First Quorum of the Seventy
- September 30, 1978 – September 30, 1995
- Called by: Spencer W. Kimball
- End reason: Granted general authority emeritus status

Emeritus General Authority
- September 30, 1995 – September 17, 2021
- Called by: Gordon B. Hinckley

Personal details
- Born: Teddy Eugene Brewerton March 30, 1925 Raymond, Alberta, Canada
- Died: September 17, 2021 (aged 96) Holladay, Utah, U.S.

= Ted E. Brewerton =

LDS leader (1925–2021)

Teddy Eugene Brewerton (March 30, 1925 – September 17, 2021) was a Canadian-born American general authority of the Church of Jesus Christ of Latter-day Saints (LDS Church) from 1978 until his death.

==Life==
Brewerton was born in Raymond, Alberta, Canada.

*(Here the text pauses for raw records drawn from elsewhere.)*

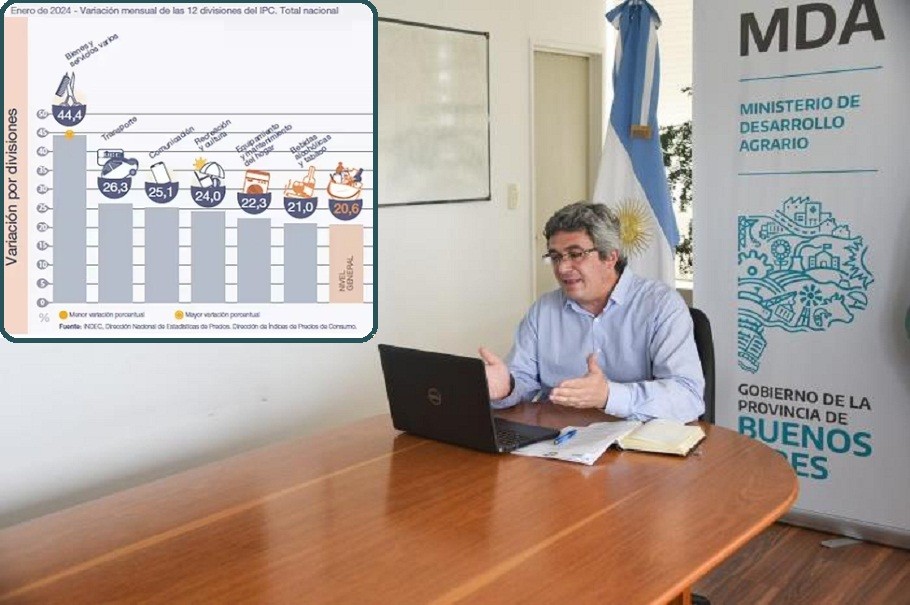 (La Plata, 19.Feb.2024 / A1 Noticias) El ministro bonaerense, Javier Rodríguez afirmó que “la inflación de Milei es el resultado directo de la devaluación que impulsó”. El funcionario de Kicillof analizó que ese porcentaje es producto “de los aumentos en combustibles y de las tarifas. No es la 'inflación reprimida' (sic) del gobierno anterior; es una decisión de licuar los salarios, las jubilaciones y los ahorros de los argentinos”, sentenció Rodríguez.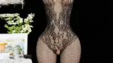 繊細な花柄レースを全面に使ったホルターネックのボディスーツです。深く切り込んだVラインは縁がスカラップ状に仕上げられ、胸元に視線を誘導します。生地は網目の細かいシアーレースで透け感が強く、胴まわりに入ったウエストシームでメリハリを出しています。サイドは大きく開き、背中側はバックレスに近い造りで、画像にはダブルストラップやホックで調整するデザインも見られます。ヒップはタンガ/ハイレグ寄りのカットで脚長に見せる効果があります。パッドやワイヤーは見えずナチュラルなフィット感重視の作りなので、サポート性よりも装飾性とシルエット演出を優先したい方向けです。白・赤・黒などカラー展開が確認でき、ランジェリー兼インナーとしても使いやすいデザインです。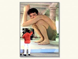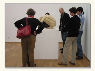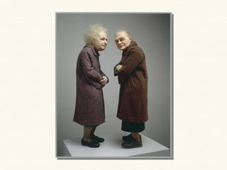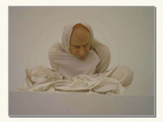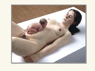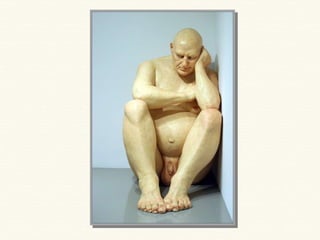 Ron Mueck es un escultor australiano especializado en crear figuras humanas hiperrealistas a gran escala mediante el modelado. Algunas de sus obras más destacadas incluyen "Mujer embarazada" de 1997, que mide 2,52 metros de altura y retrata la belleza de la maternidad, "Hombre grande" de 1998 que representa la soledad humana, y "Chico" de 1999 que mide 4,90 x 4,90 x 2,50 metros.

He was a member of the Royal Canadian Airforce during World War II. Brewerton went on a mission for the LDS Church to Uruguay from 1949 to 1952. Brewerton was trained in pharmacy at the University of Alberta.

==LDS Church service==
From 1965 to 1968, Brewerton was president of the church's mission headquartered in Costa Rica. Brewerton had jurisdiction over the church in Costa Rica, Honduras, Nicaragua, Panama, and Venezuela. During his time as mission president, the church received official recognition from the government of Panama, and was able to begin missionary work in the San Blas Islands.

In 1968, the Brewertons moved to Calgary, Alberta, where Brewerton practiced pharmacy. In 1976, Brewerton was honored by the Alberta Pharmaceutical Association as “the most outstanding pharmacist in community service outside the profession”.

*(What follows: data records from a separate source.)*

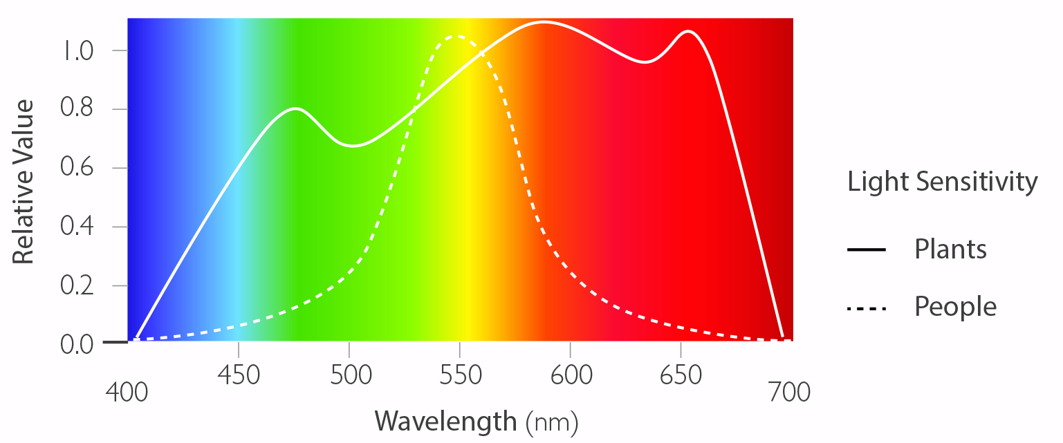 Lumens/Lux are units of measurement based on how humans perceive light intensity. Since humans are more sensitive to green light and not blue and red (which are the colors plants respond most strongly to), these measurements do not accurately measure light within the PAR region and should not be used as metrics for horticultural lighting.
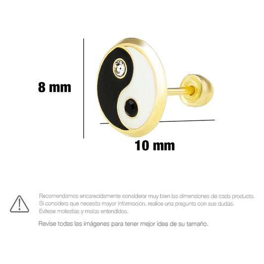 LPAUBR071 Aretes Broquel Oro 10K Niñas o Mujer Ying–Yang 491 1895709423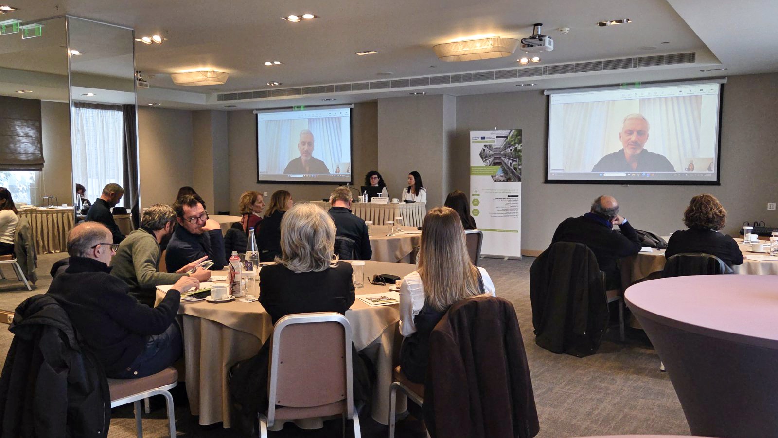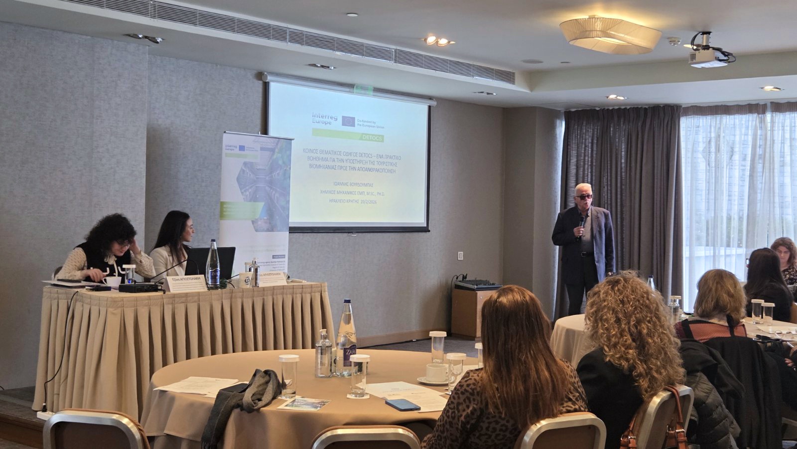 Στη συνέχεια, ο Χημικός Μηχανικός Γιάννης Βουρδουμπάς παρουσίασε τον Κοινό Θεματικό Οδηγό DETOCS, προτείνοντας τεχνικά και οικονομικά εφαρμόσιμες πρακτικές για την απανθρακοποίηση των ξενοδοχείων. Μεταξύ αυτών, ανέφερε την παραγωγή ενέργειας με φωτοβολταϊκά και ηλιακούς συλλέκτες, τη χρήση αντλιών θερμότητας υψηλής απόδοσης, τη μόνωση κτιρίων και την εγκατάσταση αυτόματων συστημάτων ελέγχου κατανάλωσης.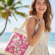 Mit dieser tropisch rosa Strand-Blume 🌞 die Tasche 🌸 🌴 sonnen 👜. Ideal für 🛍️, 🏖️ oder als stilvolles Geschenk 🎁. Der bearbeitbare Text lasse Ihnen, einen Namen, einen Speicherort oder einen ✍️ hinzuzufügen.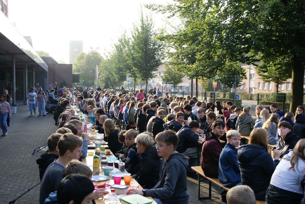 In den Klassen und Oberstufenkursen wurden alle weiteren Zutaten für das Frühstück organisiert. Von der fünften Klasse bis zur Q1, einschließlich Eltern, Lehrkräften und pädagogischen Mitarbeiter:innen, nahmen alle an den aufgebauten Tischen und Bänken Platz, um gemeinsam mit einem reichhaltigen und abwechslungsreichen Frühstück in den Tag zu starten.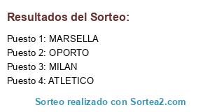 Lista de participantes: MILAN, ATLETICO, OPORTO, MARSELLA.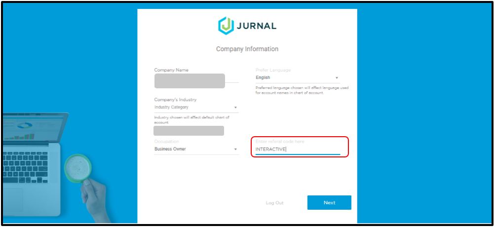 3. Pada langkah ini Isikan data anda seperti Company Name, Company Industry, Occupation, dan Language sesuai dengan Kebutuhan Anda. Setelah itu WAJIB untuk memasukkan INTERACTIVE pada kolom Kode Referral, hal ini berfungsi agar MyProfit dapat terkoneksi dengan JURNAL. Peringatan!!! KODE REFERAL WAJIB di isi INTERACTIVE. Klik Next untuk melanjutkan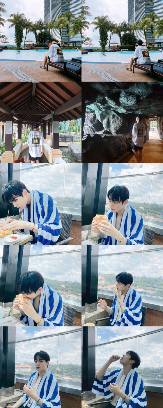 공개된 사진 속 차은우는 대형 비치타올을 걸치고 햄버거를 먹고 있거나, 수영장에서 화면을 응시하며 미소짓고 있다.

Brewerton served in the church as a bishop of a ward in Calgary. He later served as president of the Calgary Alberta Stake. He was later a regional representative, with assignments over Alaska, western Canada and Oregon. In 1978, he became a general authority and member of the First Quorum of Seventy. In 1979 he moved to São Paulo as the church's area president for Brazil, succeeding William Grant Bangerter. From 1989 to 1990 he was a counselor to Hugh W. Pinnock in the general presidency of the church's Sunday School organization. Brewerton was also the first president of the church's Central American Area. He also chaired the committee that created the LDS Church's Spanish Edition of the Bible.

For a year he was in the presidency of the South America South Area. He also served in the presidency of the Mexico/Central America Area. From 1987 to 1990 he was president of the North America West Area, presiding over the LDS Church in California and Hawaii. In 1995, Brewerton was designated an emeritus general authority and released from active duties. From 1997 to 1999, Brewerton was president of the church's México City México Temple.

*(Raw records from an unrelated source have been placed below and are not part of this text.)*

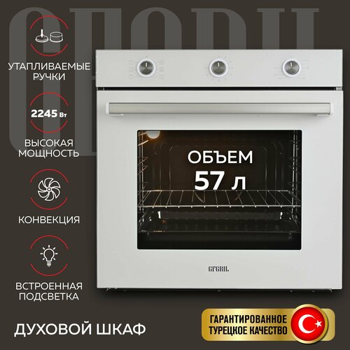 Духовой шкаф GF-EO300W это современное многофункциональное устройство для кухни, благодаря многообразию режимов которого Вы можете приготовить не только повседневную пищу, но и много более сложных и разнообразных блюд. Объем духовки 76 литров позволяет разместить объемные блюда, а также готовить на нескольких уровнях одновременно. Духовка электрическая снабжена функциями конвекции, что позволяет блюду равномерно приготовиться со всех сторон, и гриля, который обеспечит хрустящую корочку Вашего блюда. Вы можете с легкостью выбрать один из 6 режимов, температуру от 50 до 250 С и время приготовления от 10 до 90 минут при помощи утапливаемых поворотных регуляторов, а встроенная подсветка позволит наблюдать за процессом, не открывая часто дверцу шкафа, сохраняя температуру внутри. По истечении установленного времени таймер оповестит Вас об окончании процесса приготовления звуковым сигналом. Съемная откидная дверца со съемным двойным стеклом исключает вероятность получения ожогов при прикосновении к ней, лучше сохраняет температуру внутри духовки электрической и позволяет наблюдать за процессом готовки. Мощность встроенного шкафа 2 245 Ватт и класс энергоэффективности А позволяют разумно расходовать электроэнергию. Оптимальный размер (566х595х595 мм) духового шкафа встраиваемого электрического и независимая конструкция позволят разместить электродуховку под столешницу или в шкаф, независимо от расположения варочной поверхности. Духовой шкаф GF-EO300W отличается классическим стилем, благодаря чему отлично впишется в любой современный интерьер кухни. Эмалевое покрытие внутренней камеры духовки электрической для кухни не впитывает запахи и остатки пищи. По окончании приготовления достаточно просто протереть поверхность духовки салфеткой или губкой, что обеспечивает простой уход и очистку духового шкафа. Духовой шкаф электрический встраиваемый GFGRIL GF-EO300W - это высокотехнологичное решение для любой кухни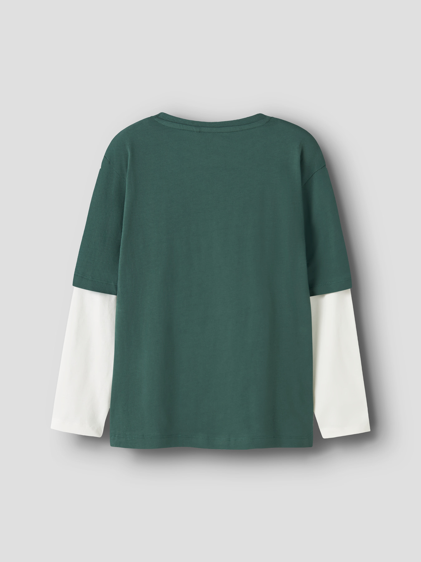 Cool langærmet bluse fra Name it. Blusen har et t-shirt ærme med et langt ærme inden under, rund hals og et lille tryk på det ene bryst. Blusen er i et lækkert, let materiale, der gør, at den er behagelig at have på.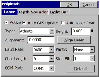 A Peripheral is a device that must be used in tandem with a GPS receiver or a total station. Peripherals can all be configured from the Peripherals menu under the Equipment tab. Lasers, Light Bars, and Depth Sounders are all supported as peripherals. If a peripheral is not currently in use, it is strongly recommended that you deactivate it, so it does not slow down other operations. Lasers such as the Leica Disto can be used for both horizontal offsets and can be set to supplement the rod height for data collection “at the pole” using robotic total stations or GPS for marine or ATV surveys.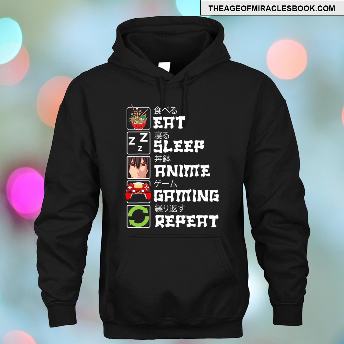 - Anime Hoodie Eat Sleep Anime Gaming Repeat Shirt Funny Kawaii

In 2009, Brewerton was scheduled to present in the seventh annual Book of Mormon Lands Conference, in Salt Lake City. His topic was "Quetzalcoatl and Topiltzin Quetzalcoatl – Two Separate and Distinct Historical Beings". In 2008 the Book of Mormon archeology conference had given Brewerton its "Father Lehi" award.

==Personal life==
Brewerton married Dorothy Hall, also a native of Raymond, and they have six children. Due to the LDS Church's formal approach to general authority nomenclature, Brewerton, over time, began being addressed as "Ted E." instead of his birth name "Teddy". He died in September 2021, at the age of 96.